ASSIGNED TASK: Reproduce every line of the material below, but drop the pictures.

INFORMATION SHOWN:
━━━━━━

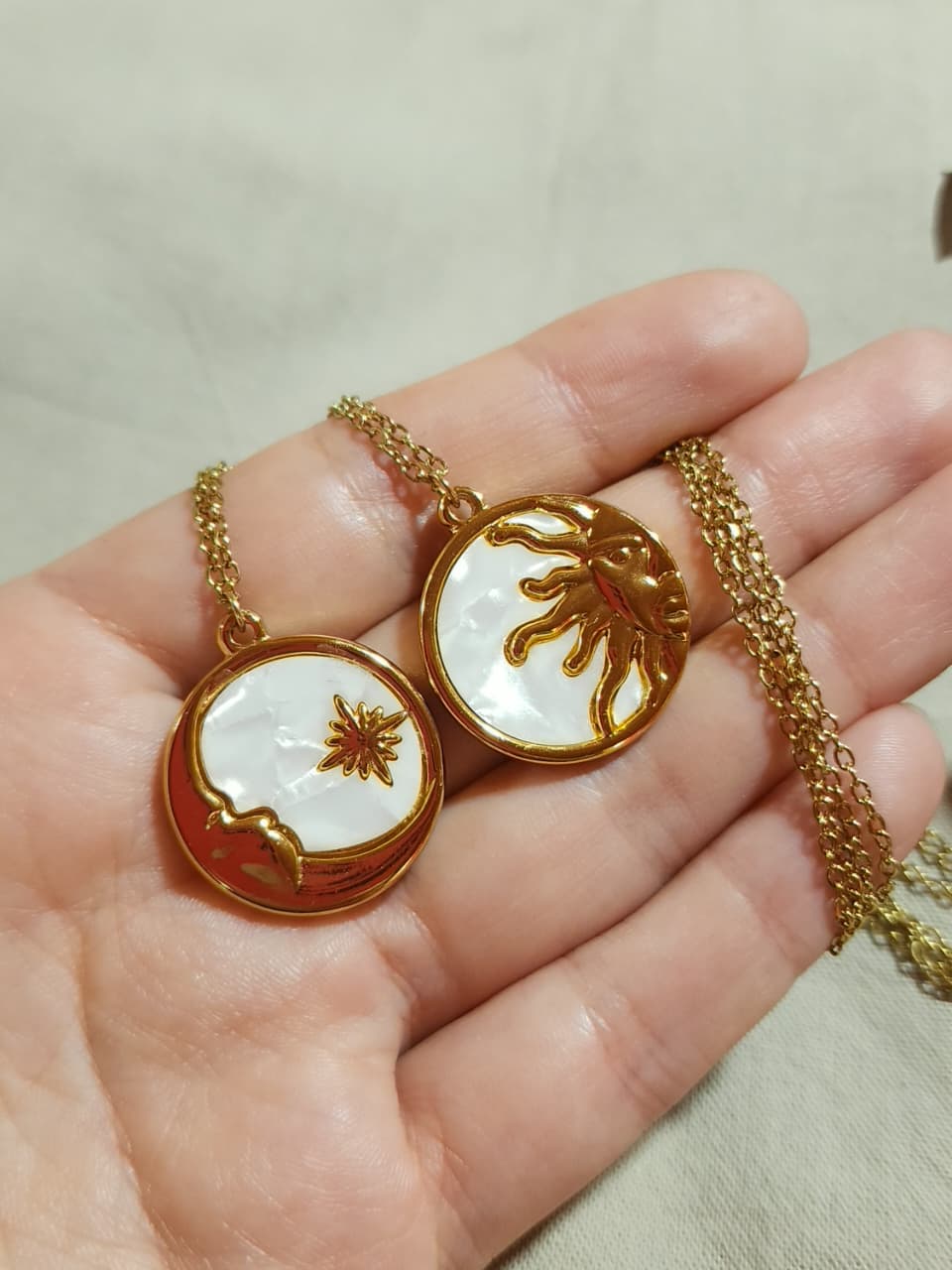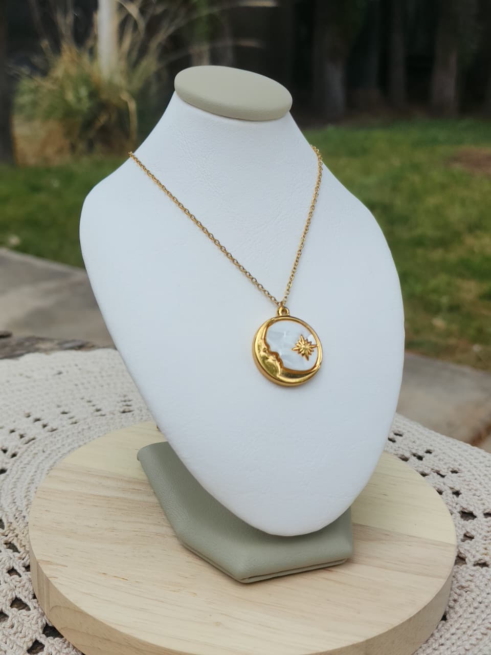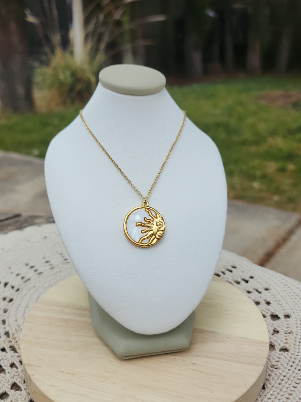 Collar acero dorado, dije sol y luna.
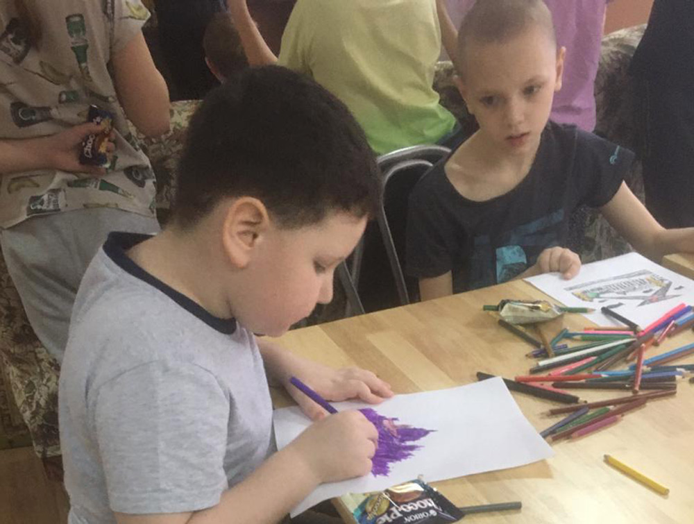 Студенты заранее приготовили трафареты рисунков с изображением видов блокадного Ленинграда, чтобы ребята могли просто их раскрасить. Дети взялись за дело с большим увлечением, и пусть картинки получились не с идеальной прорисовкой, но в них вложена частичка души. Всем детям студенты вручили Георгиевские ленточки. А открытки будут переданы пожилым людям, пережившим когда-то это страшное время.
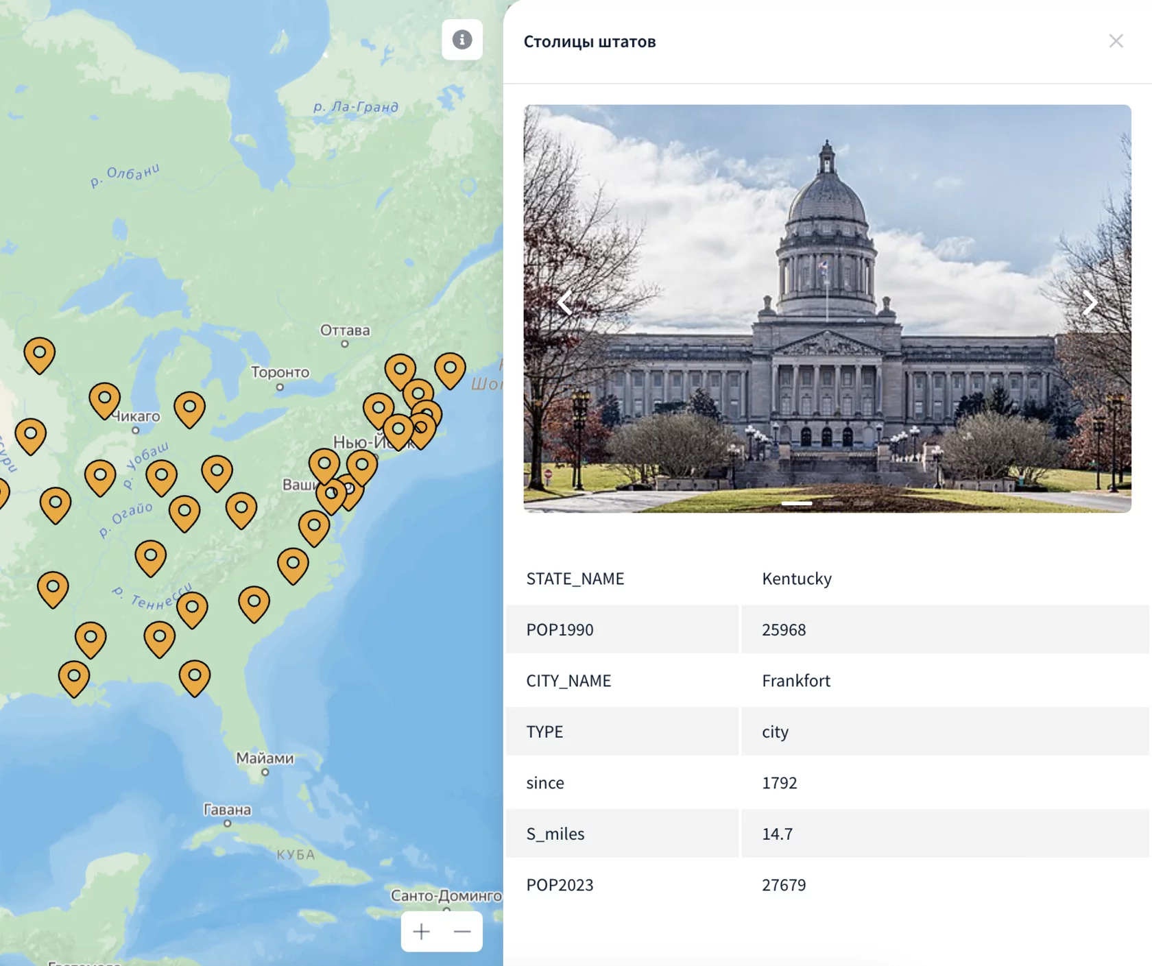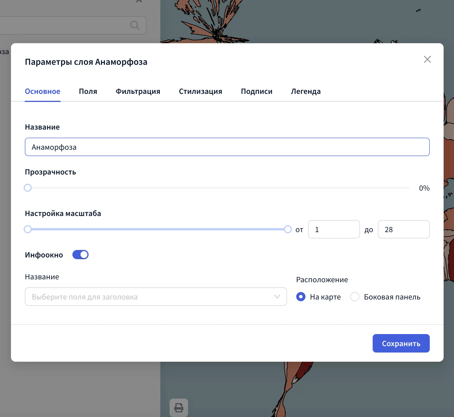 Указать параметры отображения информационного окна (на карте или в боковой панели)

━━━━━━

TASK SOLUTION:
 Collar acero dorado, dije sol y luna.
 Студенты заранее приготовили трафареты рисунков с изображением видов блокадного Ленинграда, чтобы ребята могли просто их раскрасить. Дети взялись за дело с большим увлечением, и пусть картинки получились не с идеальной прорисовкой, но в них вложена частичка души. Всем детям студенты вручили Георгиевские ленточки. А открытки будут переданы пожилым людям, пережившим когда-то это страшное время.
 Указать параметры отображения информационного окна (на карте или в боковой панели)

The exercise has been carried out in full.